The image was created by Michele using a dataset that has been generated in a collaborative study of the Single-cell Open Lab, the Division of Chromatin Networks, and the Division of Pediatric Neurooncology of the German Cancer Research Center (DKFZ), the German Cancer Consortium (DKTK), and the Hopp Children’s Cancer Center (KiTZ), all located in Heidelberg. The study is currently under review but shared prior to publication.

The datasets are archived and thus made openly accessible in the BioImage Archive.
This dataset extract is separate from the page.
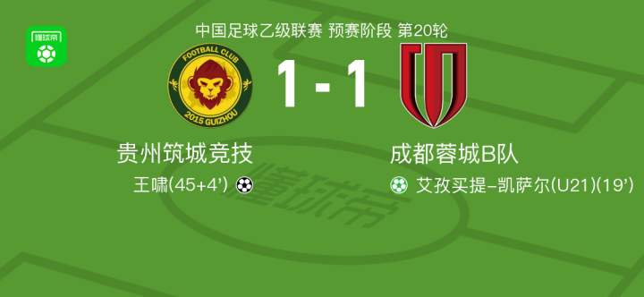 7月20日,中国足球乙级联赛预赛阶段第20轮,贵州筑城竞技坐镇主场迎战成都蓉城B队。比赛中,成都蓉城B队球员艾孜买提-凯萨尔罚入点球,为球队取得领先。上半场补时阶段,贵州筑城竞技由李习楠助攻王啸打入一球,帮助球队扳平比分。最终双方以1比1握手言和。

Code for both image processing and data analysis is available on GitHub for extensive documentation and reproducibility.

January 2025:

The image for this month was captured during a joint research project between the Center for Orthopaedics at Greifswald University Medical Center (Greifswald, Germany) supplying samples to the biomedical research center ZIK plasmatis led by Prof. Dr. Sander Bekeschus at the Leibniz Institute for Plasma Science and Technology (INP), where image acquisition was performed by Lea Miebach and Sander Bekeschus. This study aimed to investigate the cellular effects of therapeutic oxidation using medical gas plasma technology in the context of regenerative medicine.

The image showcases primary bone mesenchymal stromal and stem cells isolated from an arthroplasty patient cohort. After treatment, the cells were stained with MitoSpy green and Flash Phalloidin Red following fixation with 4% paraformaldehyde. Nuclei were counterstained with DAPI. High-content imaging was performed using a standardized, automated acquisition setup. Images were acquired in appropriate fluorescence channels using a 20x Air objective (NA = 0.8) in spinning disc-confocal mode. Algorithm-based, unsupervised image analysis was used to quantify nuclei, mitochondria, and actin filament morphology. Sliding-parabola functions were utilized to enhance signal-to-noise ratios. Prior to this, pixel intensities were digitally corrected using flatfield correction. Cell regions were detected using a threshold of pseudofluorescence channels (combined from all fluorescence channels) in relation to the background of each single image separately. Mitochondria were detected as fluorescent spots inside the segmented cell region with distinct discrimination values (e.g., size, relative intensity, and contrast of the spots to the background and each other (splitting)). For texture analysis, a texture SER method was used, and speckle and ridge filters were applied using Kernel normalization to 1-pixel units, followed by quantitative analysis of object features. The settings of the texture filters were identical across all fields of view analyzed, as the curvature of the sliding parabola was kept the same. Experimental metadata and analysis details are stored interconnectedly in a dedicated database to ensure a reproducible image analysis workflow. You can appreciate the characteristic morphology and complex actin cytoskeleton crucial for stem cell function. Can you spot the heart formed by the prominent actin protrusions of interconnected cells?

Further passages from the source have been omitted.